© Reuters. FILE PHOTO: Little St. James Island, one of the properties of financier Jeffrey Epstein, is seen in an aerial view near Charlotte Amalie, St. Thomas, U.S. Virgin Islands July 21, 2019. REUTERS/Marco Bello/File Photo
By Jonathan Stempel
NEW YORK (Reuters) – Jeffrey Epstein’s estate has reached a nine-figure settlement with the U.S. Virgin Islands to settle claims the late financier used the territory as a base for his decades-long sex-trafficking operation.

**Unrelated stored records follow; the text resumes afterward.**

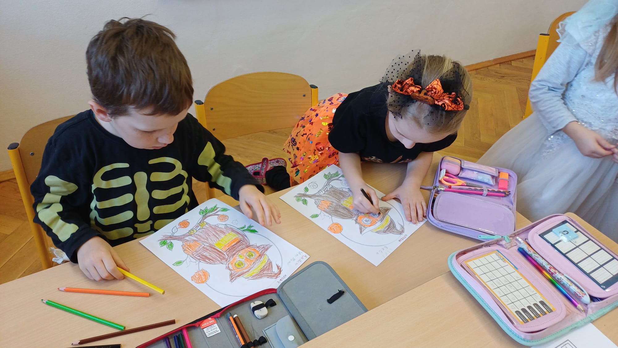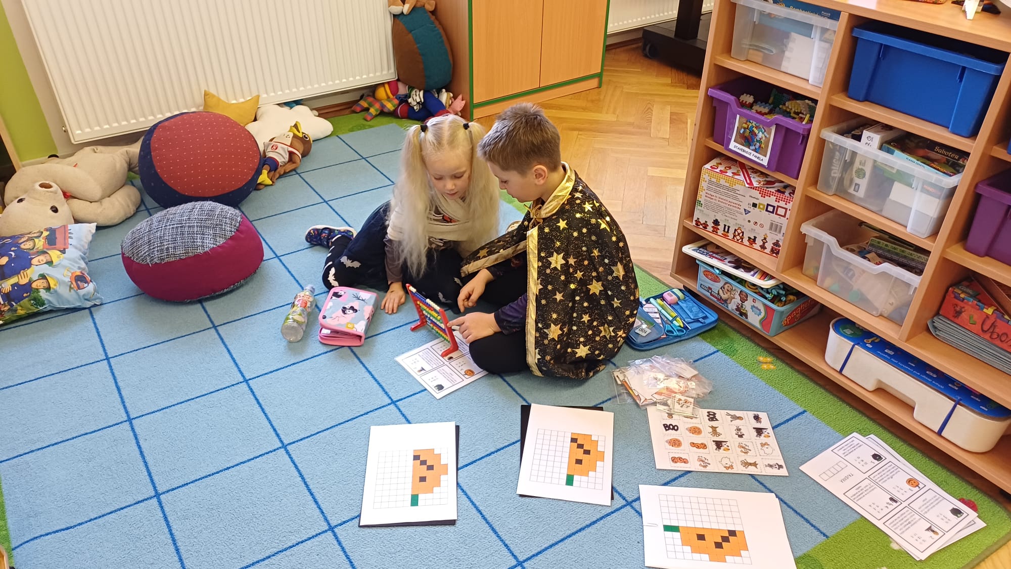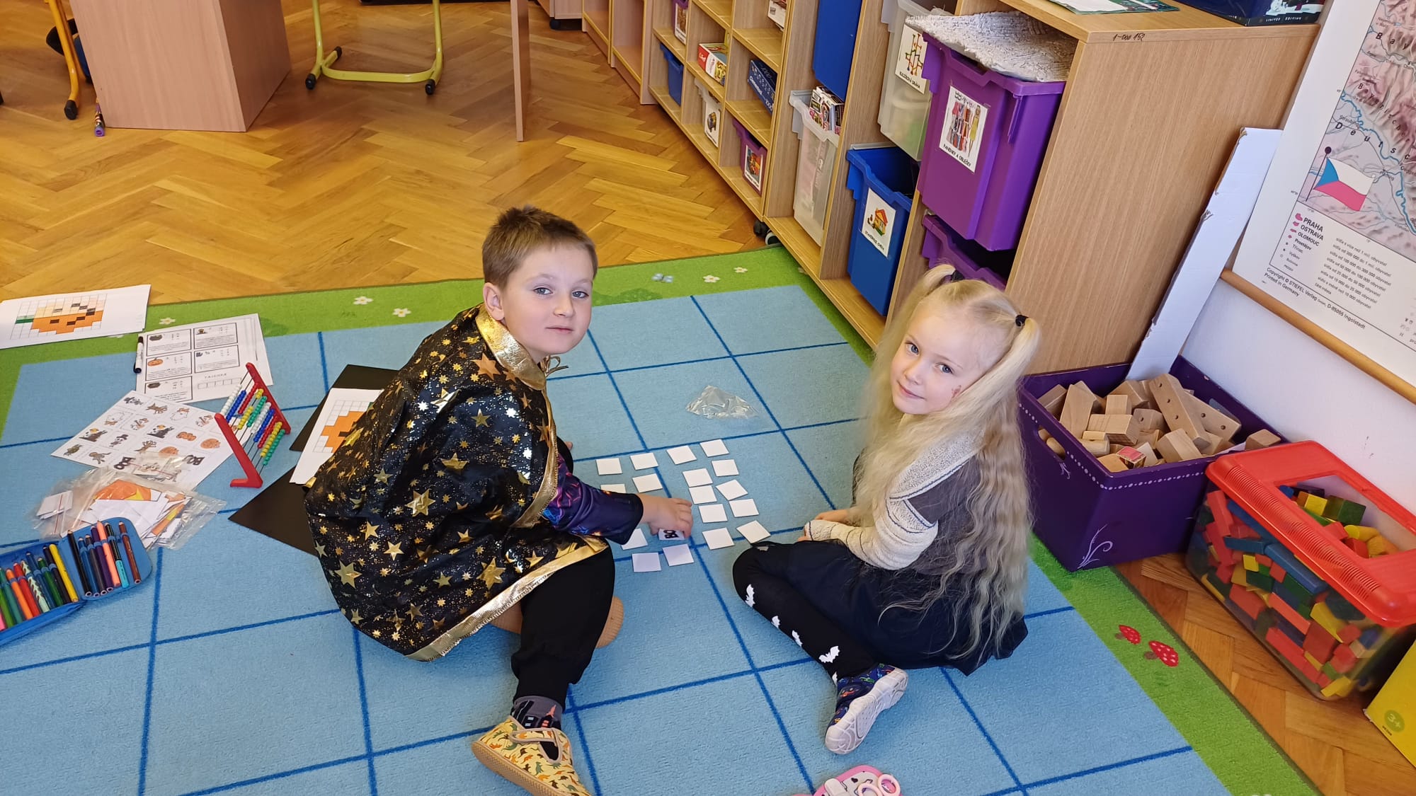 Již druhým školním rokem u nás probíhají oblíbená centra aktivit, kde si děti zábavnou formou procvičují učivo a učí se nové věci. Témata center jsou velmi různorodá a zajímavá. Během podzimu jsme například již cestovali po Evropě, seznamovali se se stromy všemi možnými způsoby a nevynechali ani dětmi oblíbené halloweenské téma. Tentokrát se ke spolužákům ze starší třídy přidaly i děti mladší. Všichni jsme si to příjemně užili.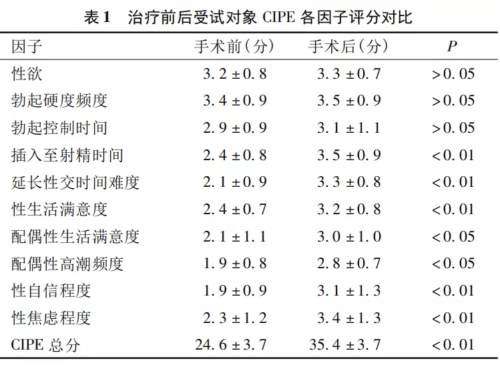 国内某三甲医院针对行包皮环切术的 126 例患者(诊断为原发性早泄且包皮过长)进行了中国人早泄病人性功能评价表( CIPE) 对患者进行问卷调查,评估患者术后的性生活质量,结果如下: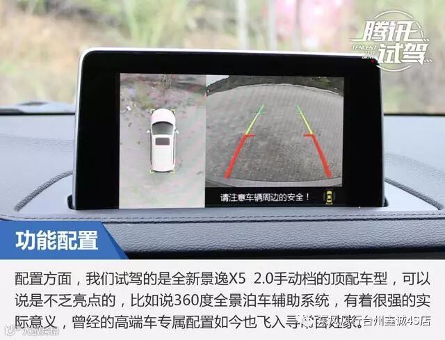 配置方面,我们试驾的是全新景逸X5 2.0手动档的顶配车型,可以说是不乏亮点的,比如说360度全景泊车辅助系统,有着很强的实际意义,曾经的高端车专属配置如今也飞入寻常百姓家。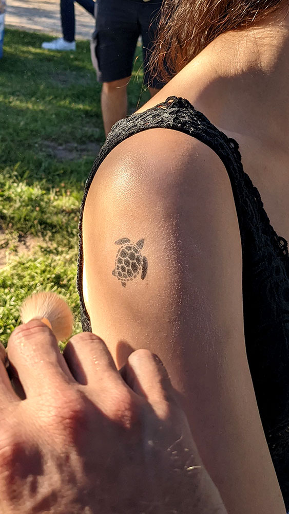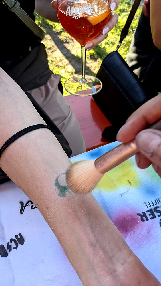 Aus einer Vielfalt von über 200 Motiven konnten die Festival-Besucher ihr Lieblingssymbol wählen. In wenigen Minuten ist das temporäre Tattoo fertig: Motiv und Farbe wählen, mit viel Fingerspitzengefühl sprühen und schließlich abpudern! Durch das Babypuder-Finish werden die temporären Tattoos wischfest und halten selbst auf verschwitzter Party-Haut – damit die Airbrush-Tattoos auch sicher jedes Tänzchen bis spät in die Nacht mitmachen ...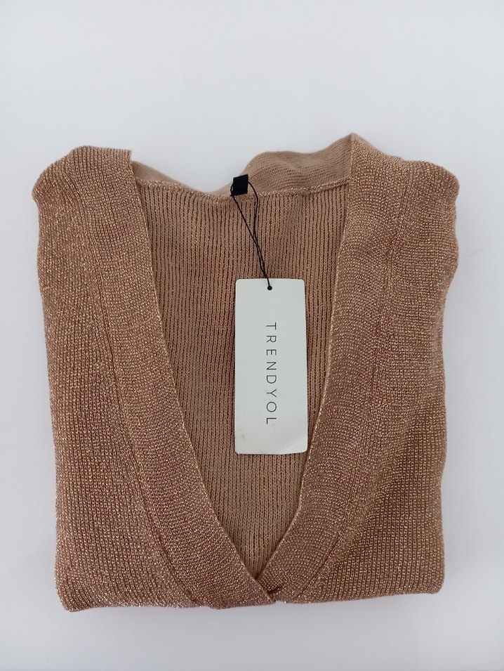 Parlak kahverengi, V yakalı, uzun kollu, kısa ve dar kesim kadın hırka, şık ve rahat bir görünüm sunar. ✨ ilk görsel ve son görsel gün ışığında çekildi rengi öyle.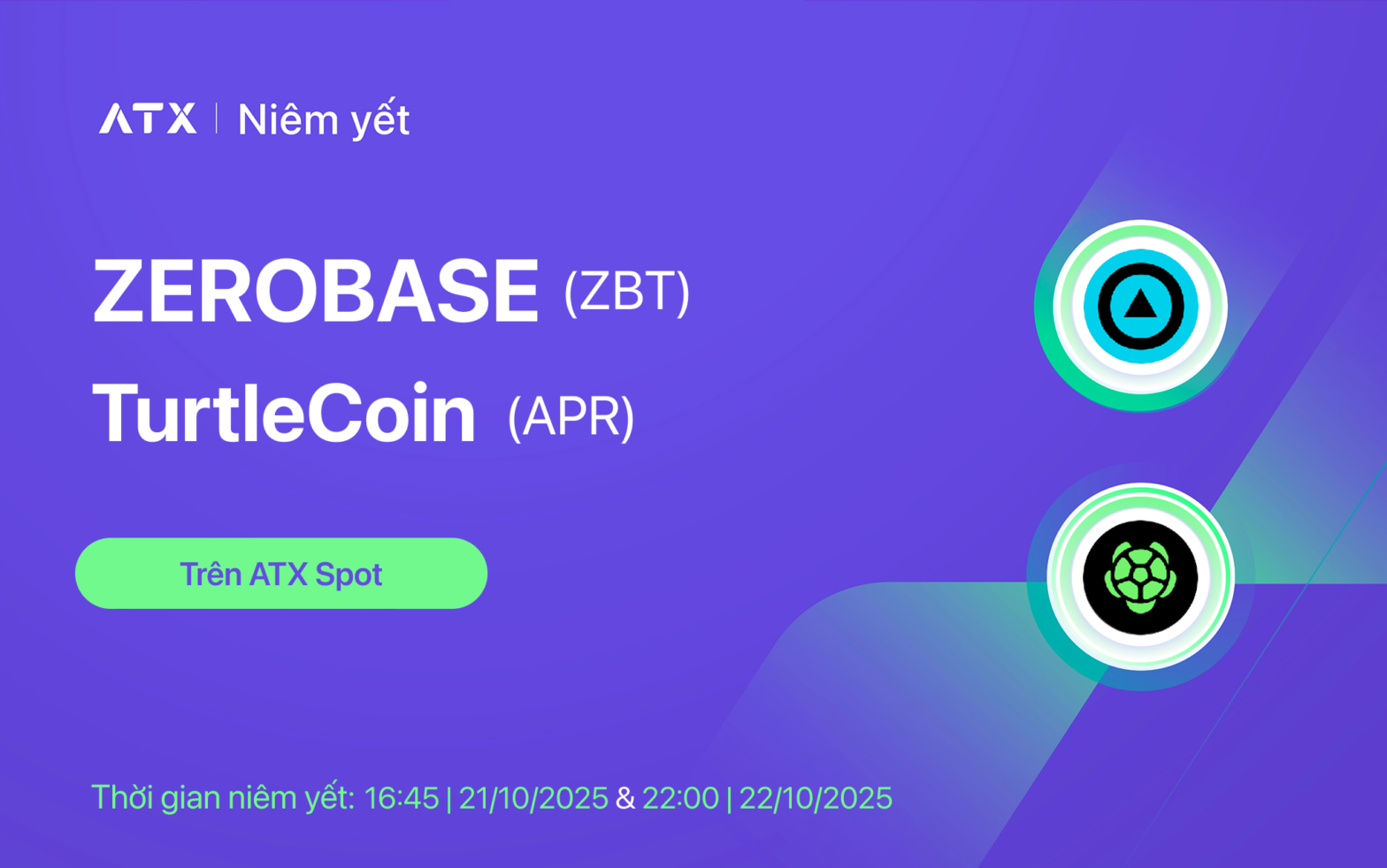 ATX chính thức niêm yết ZBT & TURTLE token trên ATX Spot từ 16:45 ngày 21/10/2025 & 22:00 ngày 22/10/2025.

Denise George, the territory’s attorney general, on Wednesday said the estate will pay $105 million in cash plus half the proceeds from the sale of Little St. James, a private island where Epstein had a home and allegedly conducted many crimes.

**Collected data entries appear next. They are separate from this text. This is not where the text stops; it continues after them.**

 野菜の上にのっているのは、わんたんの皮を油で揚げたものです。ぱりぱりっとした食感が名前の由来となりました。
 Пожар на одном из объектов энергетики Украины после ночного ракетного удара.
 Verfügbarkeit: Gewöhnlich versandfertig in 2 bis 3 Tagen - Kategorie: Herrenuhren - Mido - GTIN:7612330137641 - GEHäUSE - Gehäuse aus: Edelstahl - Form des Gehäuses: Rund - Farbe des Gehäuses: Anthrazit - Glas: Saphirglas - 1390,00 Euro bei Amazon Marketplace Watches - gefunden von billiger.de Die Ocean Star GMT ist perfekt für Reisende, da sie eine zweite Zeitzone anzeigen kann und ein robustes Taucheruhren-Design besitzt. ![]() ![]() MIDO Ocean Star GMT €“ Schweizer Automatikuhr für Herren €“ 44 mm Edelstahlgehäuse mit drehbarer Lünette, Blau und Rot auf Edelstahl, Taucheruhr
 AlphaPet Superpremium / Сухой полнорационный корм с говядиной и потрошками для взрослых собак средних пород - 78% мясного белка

The settlement includes the return of more than $80 million in tax benefits that one of Epstein’s companies obtained fraudulently, to fuel his criminal activity, George said.
Daniel Weiner, a lawyer for the estate, in a statement said there was no admission of liability, and the estate’s executors denied wrongdoing.
“The settlement is consistent with the co-executors’ stated intent and practice since their appointments to those roles–to resolve claims related to any misconduct by Jeffrey Epstein in a manner sensitive to those who suffered harm,” Weiner said.
George first sued the estate for civil penalties and asset forfeitures in January 2020. Epstein, a registered sex offender, had killed himself five months earlier in a Manhattan jail while awaiting trial on sex trafficking charges.